While outdoor advertisements are common features within towns and cities, they may reinforce social inequalities in health. Vulnerable populations in deprived areas may have greater exposure to fast food, gambling and alcohol advertisements, which may encourage their consumption. Understanding who is exposed and evaluating potential policy restrictions requires a substantial manual data collection effort. To address this problem we develop a deep learning workflow to automatically extract and classify unhealthy advertisements from street-level images. We introduce the Liverpool {360}^{circ } Street View (LIV360SV) dataset for evaluating our workflow. The dataset contains 25,349, 360 degree, street-level images collected via cycling with a GoPro Fusion camera, recorded Jan 14th–18th 2020. 10,106 advertisements were identified and classified as food (1335), alcohol (217), gambling (149) and other (8405). We find evidence of social inequalities with a larger proportion of food advertisements located within deprived areas and those frequented by students.

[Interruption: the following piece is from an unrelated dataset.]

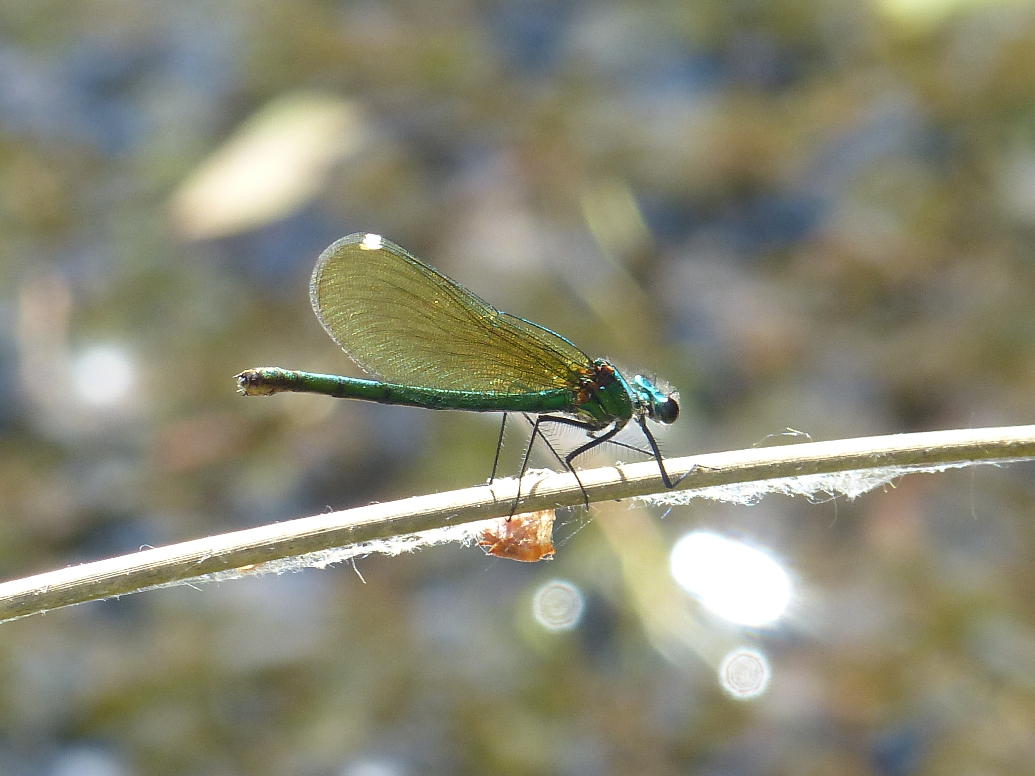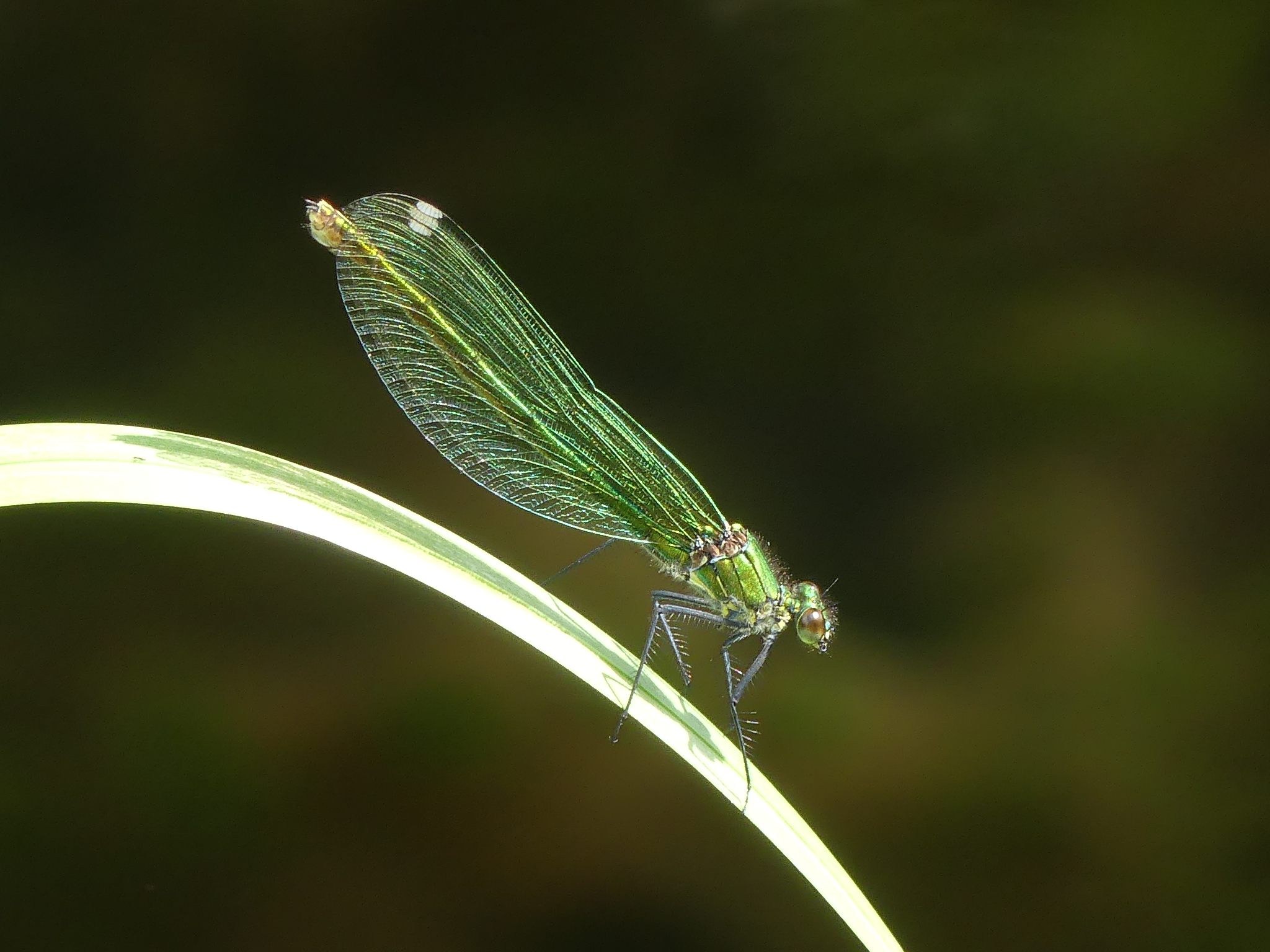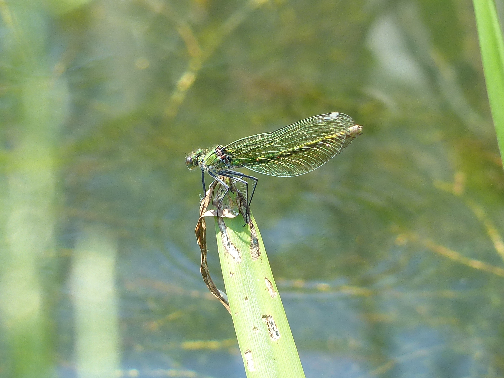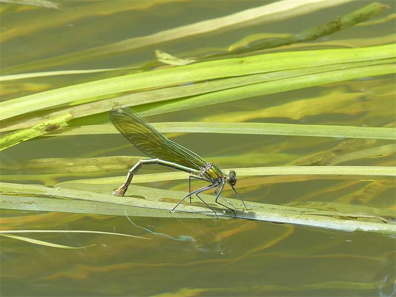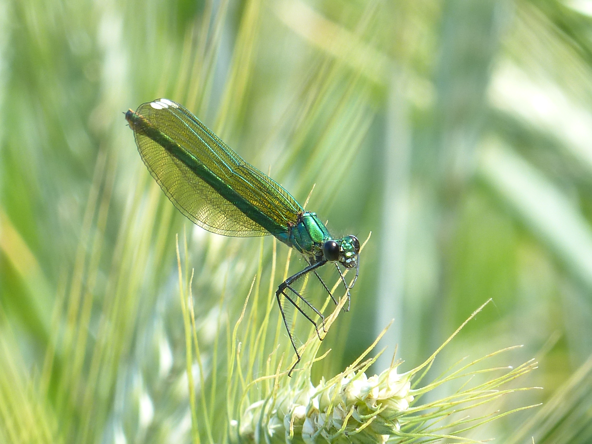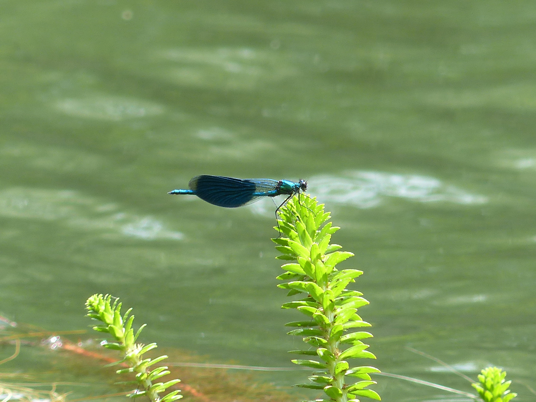 Gebänderte Prachtlibelle (Calopteryx splendens (Harris, 1782)), Weibchen, kenntlich an den grünlichen Flügeln und dem weißen Flügelmal. Neumühle Skassa bei Großenhain, Juni 2013.

Our project presents a novel implementation for the incidental classification of street view images for identifying unhealthy advertisements, providing a means through which to identify areas that can benefit from tougher advertisement restriction policies for tackling social inequalities.

Highlights

  • The impact of unhealthy advertisements.The Commercial Determinants of Health (CDoH), defined here as the processes where private organisations prioritise profit over public health, are powerful drivers of trends in non-communicable diseases and health i­nequalities[14,15]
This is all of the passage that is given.